If we leave the 91.86.1.0/24 alone by itself it will give us a Prefix-list of:

91.86.1.0/24

This will check the first 24 bits from left to right to make sure that they match, and it will also check to make sure that it has a 24-bit subnet mask.

For the 4 and 5 networks we can permit or deny both of those with one line. If we take a look at 4 and 5 again we can see that all of the bit’s match down to the 2 bit. This would leave 1 bit that doesn’t match, which would give us 2 possible networks, both of which we have.

The Prefix-list to permit or deny both 4 and 5 would be:

91.86.4.0/23 ge 24 le 24

This will check the first 23 bits from left to right.

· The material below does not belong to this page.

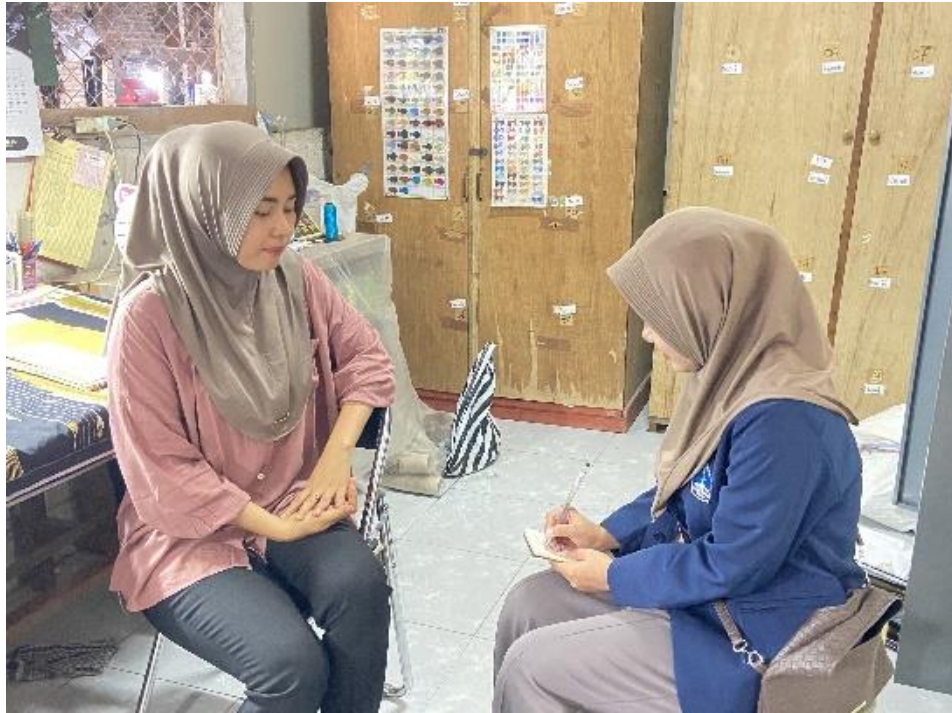
Wawancara dengan pimpinan Tenun P24 Gerih Ngawi
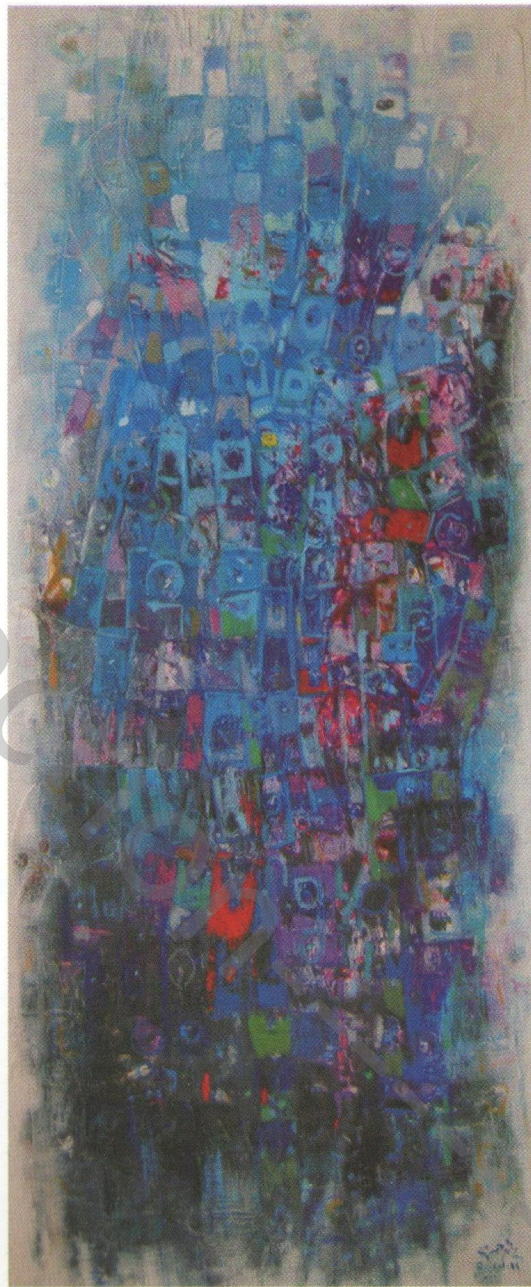
Acrylic on canvas 50 x 100 cm

The 24th bit could either be off, which would give us 4, or it could be on which would give us 5. Since we have the ge and le involved the /23 is only bits checked. The ge and le specify that our subnet mask must be greater than or equal to 24-bits and less than or equal to 24-bits which means that the subnet mask must be 24-bits for both possible networks.